Mereka tidak sekadar mengelola usaha, tapi membangun harapan dan masa depan rakyat desa. Usaha yang mereka jalankan—perikanan, pertanian, pengolahan hasil bumi, energi terbarukan, atau distribusi pangan—harus mengabdi pada tujuan besar: menghapus kemiskinan, mengurangi kesenjangan, dan membangun kedaulatan ekonomi dari bawah.
*Kesadaran Ideologis adalah Kunci*
Untuk itu, pengelola BUMDesa dan BUMDesa Bersama dan Pengurus, Pengawas Koperasi Desa Merah Putih perlu dibekali bukan hanya pelatihan manajerial, tetapi juga kesadaran ideologis. Tanpa Pancasila sebagai pijakan nilai, usaha ekonomi bisa tergelincir menjadi sekadar mesin uang atau ladang kepentingan. Materi tentang sejarah lahir nya Pancasila WAJIB di masuk kan dalam modul Pelatihan Pengelola BUMDesa dan Pengurus Koperasi Desa Merah Putih. Hal ini sekaligus implementasi dari Asta Cita ke satu Prabowo Gibran.

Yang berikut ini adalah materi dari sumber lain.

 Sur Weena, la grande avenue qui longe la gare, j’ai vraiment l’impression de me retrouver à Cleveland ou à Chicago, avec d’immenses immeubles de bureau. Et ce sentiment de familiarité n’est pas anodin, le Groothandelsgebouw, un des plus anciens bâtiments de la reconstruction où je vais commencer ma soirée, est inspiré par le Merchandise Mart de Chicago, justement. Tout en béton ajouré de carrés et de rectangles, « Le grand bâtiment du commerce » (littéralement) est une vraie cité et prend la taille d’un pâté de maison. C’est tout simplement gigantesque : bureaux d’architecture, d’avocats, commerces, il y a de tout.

Pancasila harus menjadi jiwa di balik setiap keputusan: dari musyawarah pengambilan kebijakan, pembagian hasil usaha, hingga hubungan antara desa dan pihak luar. Nilai-nilai gotong royong, keadilan sosial, kemanusiaan, dan keberpihakan pada yang lemah harus hidup nyata dalam praktik ekonomi desa.
*Menjemput Masa Depan, Mulai dari Desa*
Dengan 65.439 BUMDesa dan BUMDesa Bersama yang berdiri di seluruh Indonesia dan puluhan ribu KopDes Merah Putih yang sedang dibentuk, ini adalah momentum besar. Jika arah langkahnya benar, desa akan menjadi pusat perubahan. Tapi jika salah arah, peluang emas ini bisa hilang begitu saja.
Pancasila adalah cahaya yang tak boleh padam. Ia adalah bintang penunjuk jalan di tengah gelapnya krisis sosial dan ekonomi. BUMDesa dan KopDes Merah Putih yang berpijak pada Pancasila akan menjadi lokomotif pembangunan yang bukan hanya menyejahterakan desa, tetapi juga menyelamatkan bangsa dari ketimpangan dan ketergantungan.
"Dengan menjadikan Pancasila sebagai Leichstar, desa bukan lagi objek pembangunan, tapi subjek revolusi ekonomi Indonesia,"katanya.